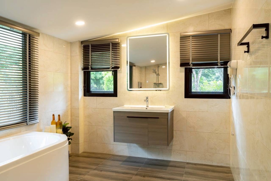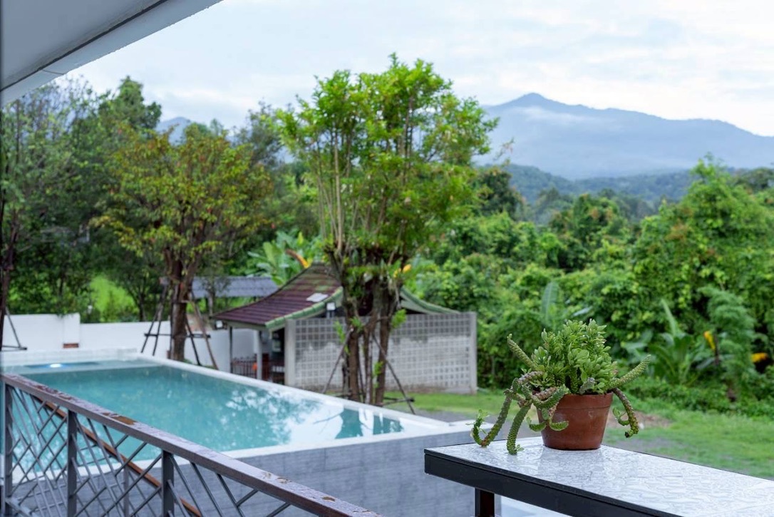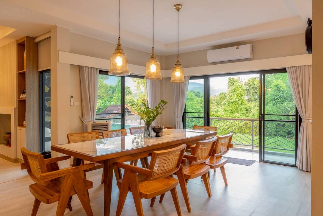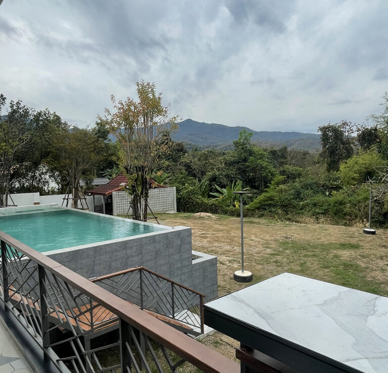 Luxuriously constructed modern 4-bedroom pool villa for sale, offered fully furnished and located in an exclusive area of Mae Rim, Chiang Mai. Nestled on a hillside in a tranquil natural setting, the property enjoys panoramic mountain views while remaining highly accessible, several restaurants and cafes in the area, just 5 minutes’ drive to Mae Rim Plaza, under 10 minutes to Makro and Kad Farang, within 20 minutes to Prem International School, and approximately 45 minutes to Chiang Mai International Airport.
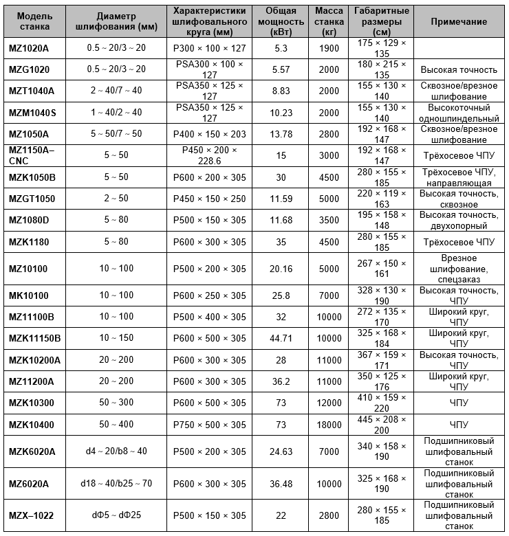 Диапазон обработки: MZ1020A, MZG1020, MZT1040A, MZM1040S, MZ1050A, MZ1150A–CNC, MZK1050B, MZGT1050, MZ1080D, MZK1180, MZ10100, MK10100, MZ11100B, MZK11150B, MZK10200A, MZ11200A, MZK10300, MZK10400
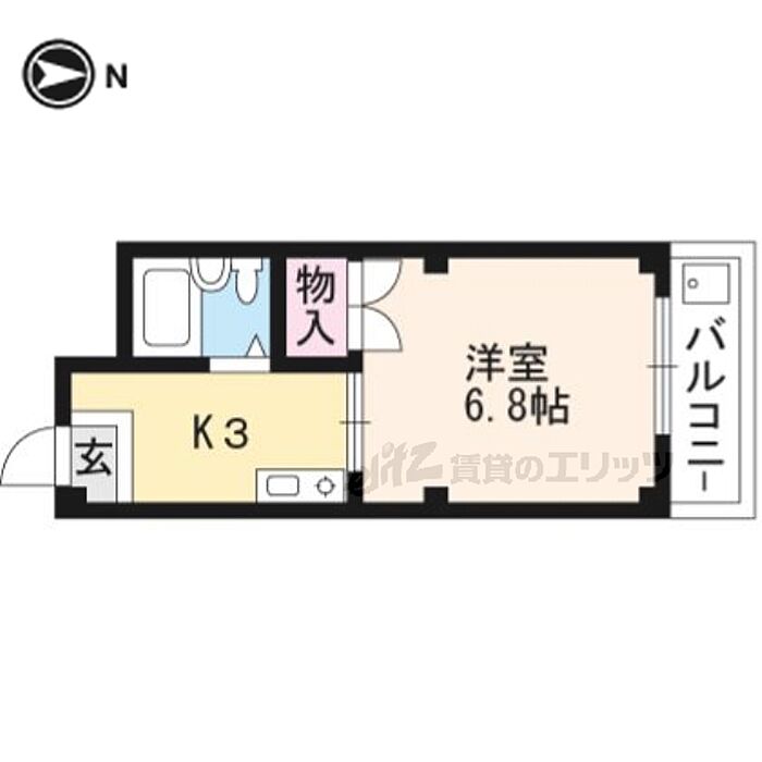 京都芸術大学まで自転車で6分、京都大学北部キャンパスまで徒歩9分のユニットバスタイプの物件です。電気コンロが1口付いています。洗濯機はベランダに設置できますよ。京都大学生におすすめです。

§ TASK OBJECTIVE:
Keeping every word as it is, write out all the data and omit the pictures.

§ ANSWER TO THIS EXERCISE:
 Luxuriously constructed modern 4-bedroom pool villa for sale, offered fully furnished and located in an exclusive area of Mae Rim, Chiang Mai. Nestled on a hillside in a tranquil natural setting, the property enjoys panoramic mountain views while remaining highly accessible, several restaurants and cafes in the area, just 5 minutes’ drive to Mae Rim Plaza, under 10 minutes to Makro and Kad Farang, within 20 minutes to Prem International School, and approximately 45 minutes to Chiang Mai International Airport.
 Диапазон обработки: MZ1020A, MZG1020, MZT1040A, MZM1040S, MZ1050A, MZ1150A–CNC, MZK1050B, MZGT1050, MZ1080D, MZK1180, MZ10100, MK10100, MZ11100B, MZK11150B, MZK10200A, MZ11200A, MZK10300, MZK10400
 京都芸術大学まで自転車で6分、京都大学北部キャンパスまで徒歩9分のユニットバスタイプの物件です。電気コンロが1口付いています。洗濯機はベランダに設置できますよ。京都大学生におすすめです。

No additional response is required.